PROBLEM: With all pictures omitted, return verbatim the lines from the beginning of the records below through the line containing "法国艾克斯-马赛大学研究团队".

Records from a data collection
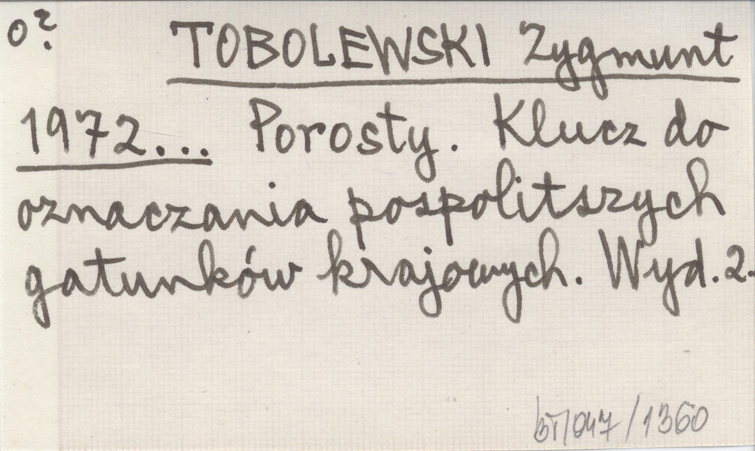 TOBOLEWSKI Zygmunt 1972... Porosty. Klucz do oznaczania pospolitszych gatunków krajowych.
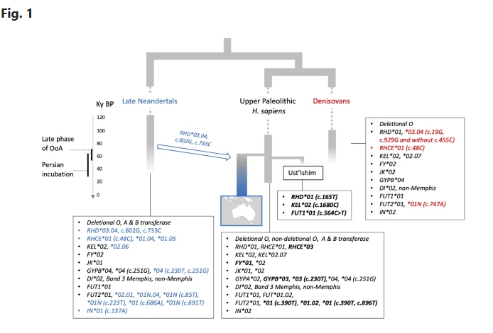 法国艾克斯-马赛大学研究团队用古人类遗骸的遗传数据,评估尼安德特人的血型多样性是否与4万年至1万年前旧石器时代晚期的智人种群相同。他们发现尼安德特人拥有与现代撒哈拉以南非洲人群相似的祖先等位基因,而早期欧亚大陆的智人产生了新的Rh等位基因,这是如今输血和孕期监测的关键血型。这些等位基因在尼安德特人中并不存在,表明它们可能是在智人离开非洲之后分化出来的。这项研究还发现了三种现代人没有的等位基因。这些基因可能属于某个智人分支,但其祖先没有对现今的欧亚人群产生影响。
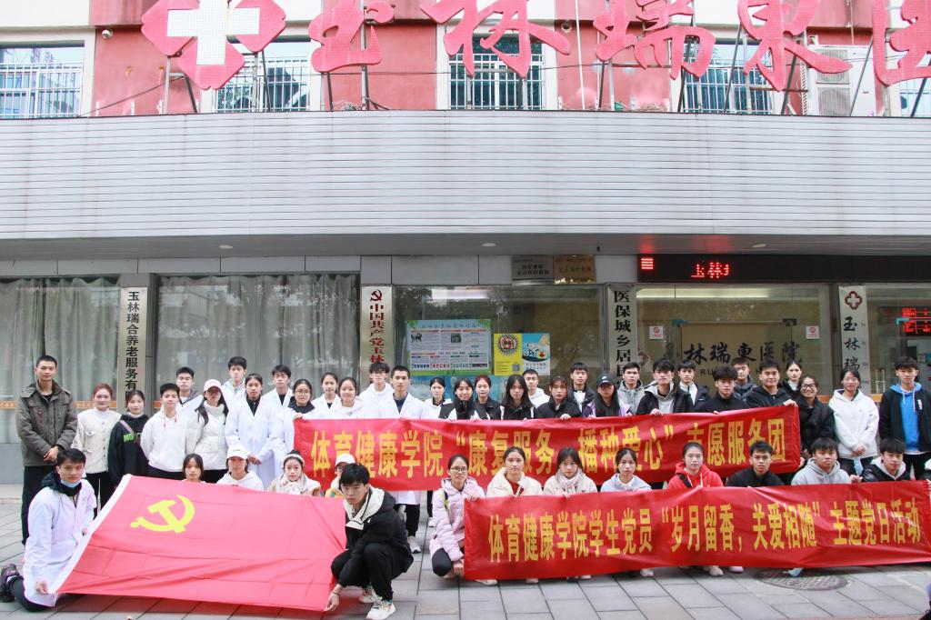 为学习弘扬中华民族传统美德,传承孝道文化,提高老年人的生活质量,推动基层党支部走进基层,贴近群众,充分发挥党员的先锋模范作用,近日,学校体育健康学院全体学生党员、康复协会部分志愿者前往玉林瑞合养老院开展党建带社团——体育健康学院学生党员“岁月留香,关爱相随”主题党日活动。活动由该院各学生党支部和康复协会联合组织开展,该院辅导员和党支部书记负责带队,共有60余人参与志愿服务活动。
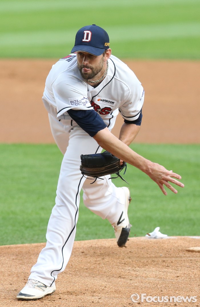 (서울=포커스뉴스) 6일 서울 잠실구장에서 열린 2016 프로야구 넥센-두산 경기에서 1회초 두산 선발투수 니퍼트가 투구하고 있다.
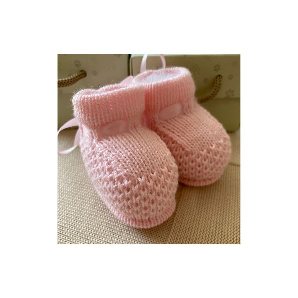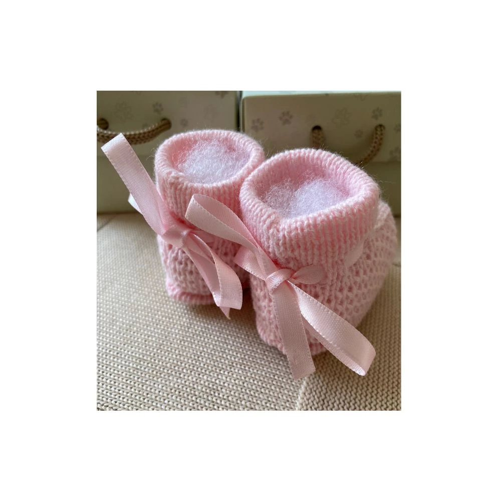 Sapatinho de tricô para bebê prematuro Rosa
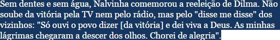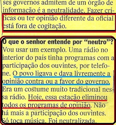 P: … Nesta quarta-feira (…), eu vi anunciado nos três grandes jornais do Brasil que havia um acordo entre a presidente da República e o presidente da Câmara dos deputados para um proteger a impunidade do outro. Eu tenho 64 anos (…), sou repórter político desde os 17 … vi a renúncia do Collor , conheci de perto o Jânio … Mas nunca vi nada parecido… A discussão política no

EXERCISE SOLUTION:
 TOBOLEWSKI Zygmunt 1972... Porosty. Klucz do oznaczania pospolitszych gatunków krajowych.
 法国艾克斯-马赛大学研究团队用古人类遗骸的遗传数据,评估尼安德特人的血型多样性是否与4万年至1万年前旧石器时代晚期的智人种群相同。他们发现尼安德特人拥有与现代撒哈拉以南非洲人群相似的祖先等位基因,而早期欧亚大陆的智人产生了新的Rh等位基因,这是如今输血和孕期监测的关键血型。这些等位基因在尼安德特人中并不存在,表明它们可能是在智人离开非洲之后分化出来的。这项研究还发现了三种现代人没有的等位基因。这些基因可能属于某个智人分支,但其祖先没有对现今的欧亚人群产生影响。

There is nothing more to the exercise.